The calculated energies are for the full cells. Convert them to the energy per formula unit. The len() function can be quite helpful for this.

epot_fepo4 = ...
epot_lifepo4 = ...
epot_li_metal = ...
print(epot_fepo4, ...)

No calculate the equilibrium potential under the assumption that it is given by \(V_{eq} = \Delta U / e\), where \(U\) is the electronic potential energy of the system and \(e\) is the number of electrons transfered.

# V_eq = ...

You will now calculate the error estimate for the Li intercallation energy in FePO4 using the BEEF ensemble results. Start by loading in the files. Wait a few minutes and rerun the cell if the number is not 2000 for all of them.

fepo4_ens_cell = np.genfromtxt('ensemble_fepo4.dat', max_rows=2000)
lifepo4_ens_cell = np.genfromtxt('ensemble_lifepo4.dat', max_rows=2000)
li_metal_ens_cell = np.genfromtxt('ensemble_li_metal.dat', max_rows=2000)
print('number of functionals in ensemble=', len(fepo4_ens_cell))
print('number of functionals in ensemble=', len(lifepo4_ens_cell))
print('number of functionals in ensemble=', len(li_metal_ens_cell))

Note that these are energies per cell and not per formula unit. Convert them as you did the potential energies above. Note that you are now performing the operation on a list of length 2000 and not a single float value as before.
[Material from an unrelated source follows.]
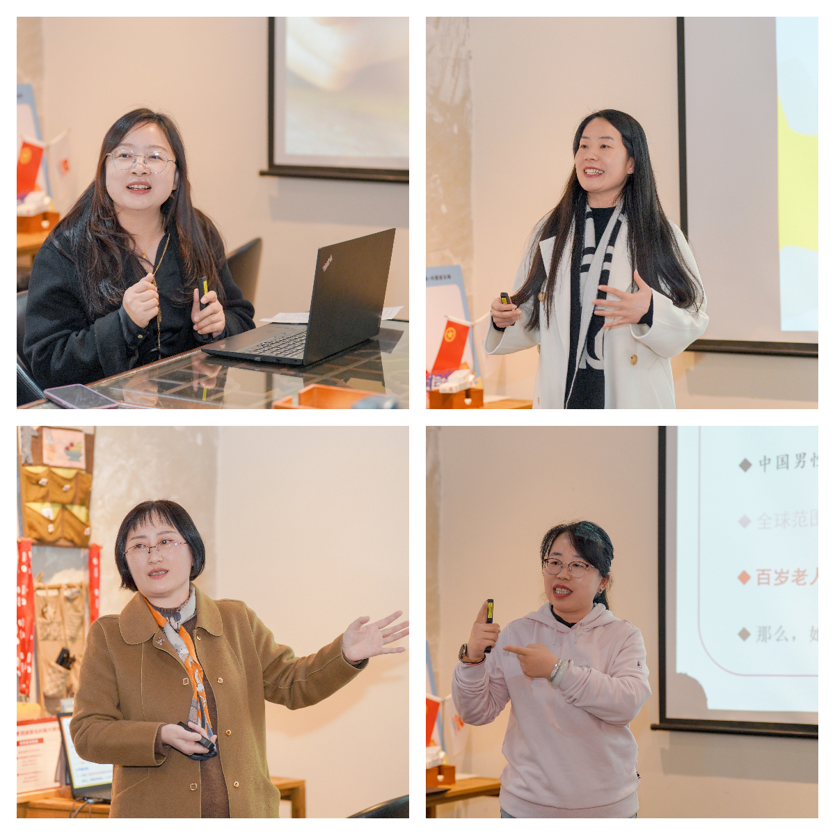 午餐过后,主题分享会正式拉开帷幕。会议由离退休工作部(处)郁建新副部长主持。来自不同部门的四位优秀女教授代表以身心健康、英语沟通及医药政策等切口进行了交流,带来了兼具科学深度与人文温度的精彩分享。王枫以《睡眠的智慧:校准属于你的身心节律》为题,呼吁用“向光而行”的节律管理和温柔仪式重建修复性睡眠;王利娜老师则结合自身经验,分享了《超越语言,沟通世界:出国英语口语》的实用技巧,轻松掌握出国场景下的实用表达与餐桌礼仪,鼓励大家勇敢开口、自信表达;王进聚焦《集采惠民,国药提质:药品集中采购与仿制药价值解析》,用翔实数据阐释国产优质仿制药如何通过一致性评价让好药真正“飞入寻常百姓家”;王婷婷则以《她绽芳华,女性健康》为主题,从X染色体的双重保障到乳腺与宫颈的“两大要害”,为女性全生命周期主动健康管理开出“彩虹饮食、情绪支持、规律睡眠”的五项行动清单。四场分享交织成一幅“科学守护健康、自信沟通世界”的动人画卷,点亮了岁末最温柔的学术之光。

# fepo4_ens = fepo4_ens_cell / ...
# ...
# ...

Make a list of equilibrium potentials.

# V_eq_ens = lifepo4_ens - ...

Use the plot command below to visualize the distribution.

plt.hist(V_eq_ens, 50)
plt.grid(True)

The result should look like this:

../../../_images/eq_pot.svg

Use the numpy.std() to obtain the standard deviation of the ensemble.

# error = ...
# print(error)

The equilibrium potential for a FePO4/Li battery is thus as a good estimate:

print(f'{V_eq:.2f} V +- {error:.2f} V')

You can get the equilibrium potential for the FePO4/C battery using the intercallation energy of Li in graphite, that you calculated on Day 2. What equilibrium potential do you find? How does that compare to the cell voltage you can obtain from FePO4/C batteries?

Make sure you are able to discuss the bullet points at the top of this notebook.

Bonus

How does the predicted error estimate change if you consider the full reaction from Li in graphite + FePO4 to empty graphite + LiFePO4.